Utilities for working with ZARR data and AIND metadata
Project description
aind-zarr-utils
A Python utility library developed by Allen Institute for Neural Dynamics for working with ZARR files and AIND metadata. This package enables converting ZARR datasets to SimpleITK and ANTs images, processing neuroimaging annotation data from Neuroglancer, and handling anatomical coordinate transformations.
Key Features
- ZARR ↔ Image Conversion: Convert ZARR datasets to SimpleITK and ANTs images with proper coordinate system handling
- Neuroglancer Integration: Process annotation layers and coordinate transforms from Neuroglancer
- Coordinate Transformations: Handle point transformations from image space to anatomical space (LPS coordinates)
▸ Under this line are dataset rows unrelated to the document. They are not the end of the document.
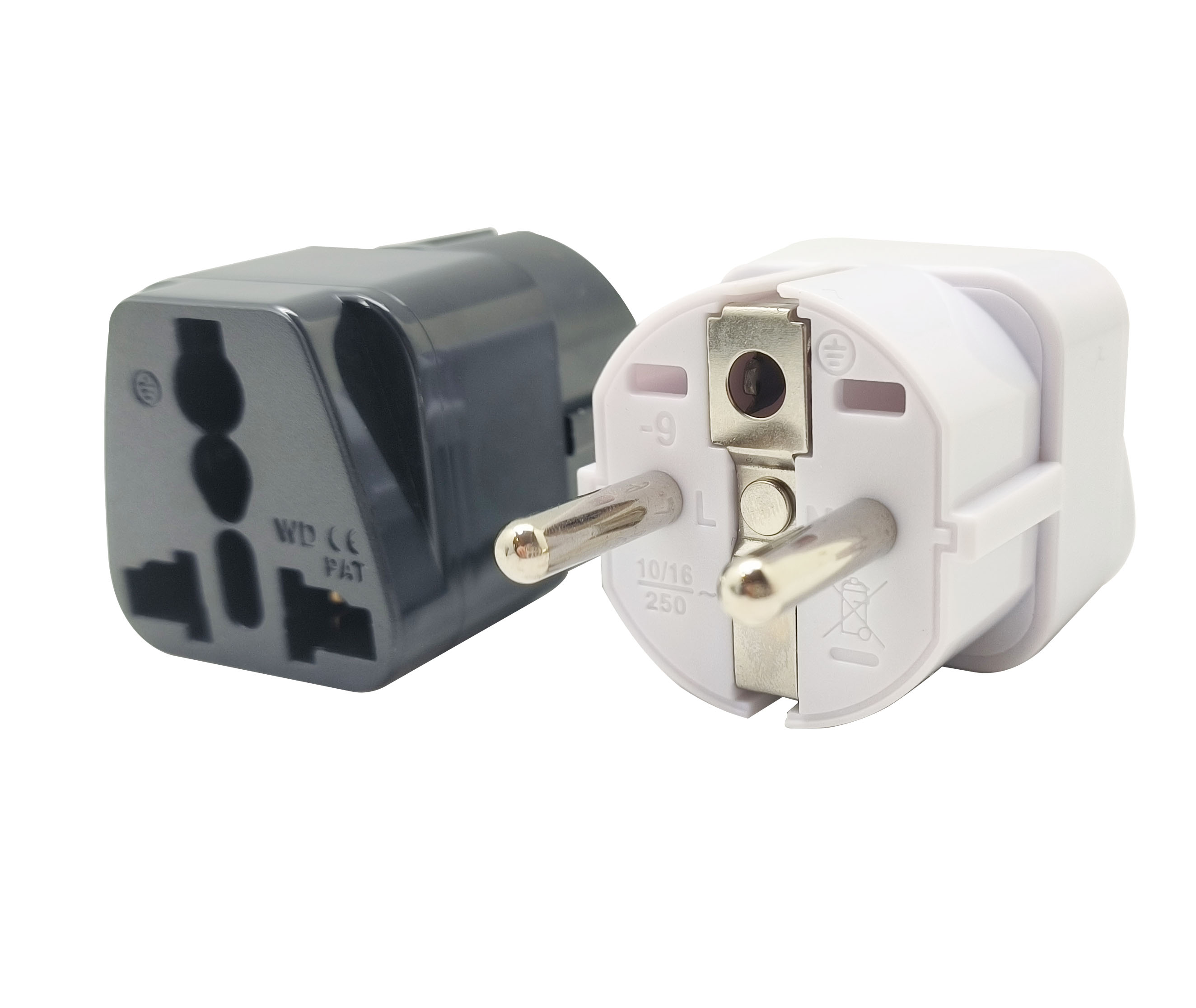 海外用変換アダプター 形状種類C.SEタイプ 最大250V 16A対応 便利な小型デザイン 各国の電子機器を指定国で使用 黒と白の2種類選択 旅行用電源変換プラグ
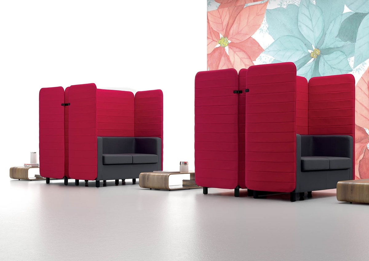 Canapé de salle d'attente. Avec dossier haut pour favoriser l'intimité.
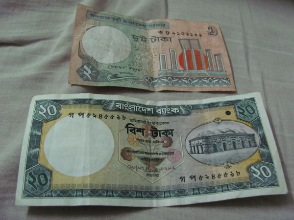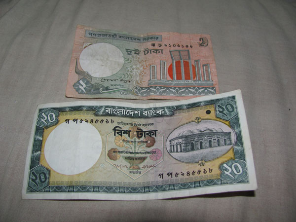 Abgesehen von den Hartals bin ich von Bangladesh absolut begeistert. Die Leute freuen sich ehrlich, mich zu sehen, sind extrem hilfsbereit (ohne, daß eine Gegenleistung oder ein Hintergedanke dabei eine Rolle spielt), das Essen ist extrem lecker und der 20 und 2 Taka Note verleihe ich hiermit den Preis „Die Schönsten Geldscheine die ich jeh gesehen habe“.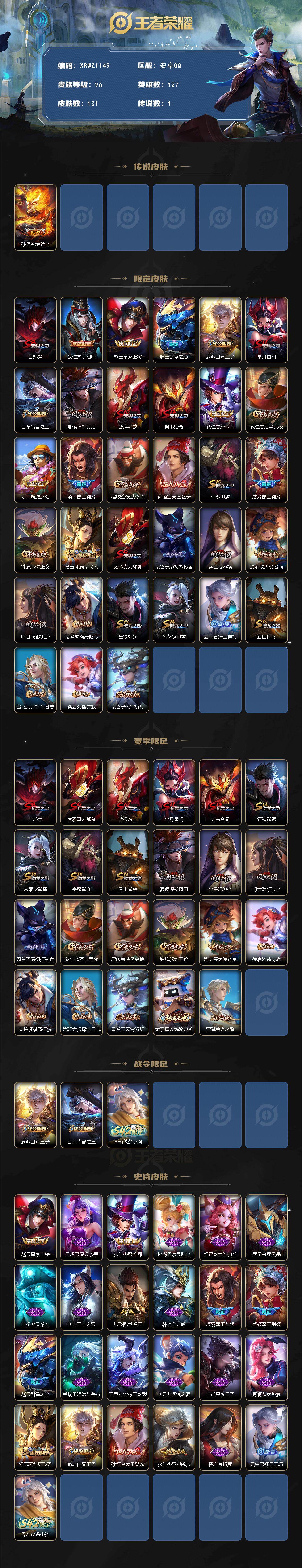 商品描述:[16678634]XR47313-可二次-安卓-Q-V6-永恒钻石IV段位-127英雄-131皮肤-1传说-24史诗【传说皮肤】:孙悟空地狱火【限定皮肤】:白起狰,狄仁杰阴阳师,赵云皇家上将,赵云引擎之心,嬴政白昼王子,芈月重明,吕布猎兽之王,夏侯惇朔风刀,曹操烛龙,典韦穷奇,狄仁杰魔术师,狄仁杰万华元夜,项羽海滩派对,项羽霸王别姬,程咬金演武夺筹,孙悟空大圣娶亲,牛魔御旌,虞姬霸王别姬,钟馗驱傩正仪,杨玉环遇见飞天,太乙真人饕餮,鬼谷子原初探秘者,弈星混沌棋,沈梦溪大漠名商,明世隐疑决卦,裴擒虎擒涛扼浪,狂铁御狮,米莱狄御霄,云中君纤云弄巧,盾山御銮,鲁班大师探海日志,桑启海盐诗旅,鬼谷子天穹祈灯【赛季限定】:白起狰,太乙真人饕餮,曹操烛龙,芈月重明,典韦穷奇,狂铁御狮,米莱狄御霄,牛魔御旌,盾山御銮,夏侯惇朔风刀,弈星混沌棋,明世隐疑决卦,鬼谷子原初探秘者,狄仁杰万华元夜,程咬金演武夺筹,钟馗驱傩正仪,沈梦溪大漠名商,桑启海盐诗旅,裴擒虎擒涛扼浪,鲁班大师探海日志,鬼谷子天穹祈灯,太乙真人谧流熔炉,亚瑟荣光之誓【战令限定】:嬴政白昼王子,吕布猎兽之王,周瑜线条小狗【史诗皮肤】:赵云皇家上将,王昭君偶像歌手,狄仁杰魔术师,孙尚香水果甜心,妲己魅力维加斯,墨子金属风暴,曹操幽灵船长,李白千年之狐,张飞乱世虎臣,韩信白龙吟,项羽霸王别姬,虞姬霸王别姬,赵云引擎之心,兰陵王暗隐猎兽者,百里守约特工魅影,李元芳逐浪之夏,白起星夜王子,阿轲节奏热浪,杨玉环遇见飞天,嬴政白昼王子,孙悟空大圣娶亲,狄仁杰鹰眼统帅,橘右京修罗,云中君纤云弄巧,周瑜线条小狗【其他皮肤】:项羽海滩派对,韩信教廷特使,韩信街头霸王,露娜哥特玫瑰,阿轲爱心护理,达摩大发明家,赵云忍炎影,芈月红桃皇后,白起白色死神,武则天东方不败,扁鹊化身博士,安琪拉玩偶对对碰,孙膑天使之翼,妲己少女阿狸,典韦黄金武士,亚瑟死亡骑士,达摩拳王,花木兰兔女郎,张飞五福同心,甄姬花好人间,宫本武藏万象初新,后羿阿尔法小队,狄仁杰阴阳师,白起狰,钟无艳海滩丽影,太乙真人饕餮,宫本武藏霸王丸,曹操烛龙,王昭君幻想奇妙夜,芈月重明,狂铁命运角斗场,老夫子功夫老勺,典韦穷奇,李白敏锐之力,鬼谷子幻乐之宴,狂铁御狮,安琪拉如懿,米莱狄御霄,吕布猎兽之王,明世隐虹云星官,张良幽兰居士,牛魔御旌,吕布野性能量,盾山御銮,沈梦溪鲨炮海盗猫,姜子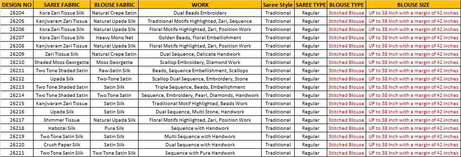 *PRICE :-* *26204-4795/-* *26205-5715/-* *26206-4795/-* *26208-5175/-* *26209-2735/-* *26210-3155/-* *26211-3045/-* *26213-4475/-* *26214-3815/-* *26215-5715/-* *26216-3365/-* *26218-3575/-* *26219-3675/-* *26220-3535/-* *26221-3535/-* +*GST EXTRA*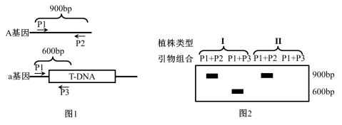 (3)为进一步验证基因A的功能,将另一个A基因插入Aa植株的3号染色体。仅考虑基因A和a,该植株会产生_____种基因型的可育花粉,其中具有a基因的花粉占比为_____。该植株自交得到F1.利用图1所示引物P1和P2、P1和P3分别对F1进行PCR检测,电泳结果如图2所示。根据电泳结果F1植株分为Ⅰ型和Ⅱ型,其中Ⅰ型植株占比为_____。F1中没有检测到仅扩增出600bp条带的植株,其原因为_____。

- Multi-source JSON Reading: Unified JSON loading from local files, HTTP URLs, and S3 URIs
- Pipeline-specific Corrections: Version-based spatial domain corrections for pipeline compatibility
- S3 Integration: Built-in support for AWS S3 with caching and anonymous access
- CCF Registration: Pipeline-specific coordinate transformations and CCF registration utilities
Usage
aind_zarr_utils provides an anatomically aware platform for interacting with AIND Zarr images and their corresponding metadata.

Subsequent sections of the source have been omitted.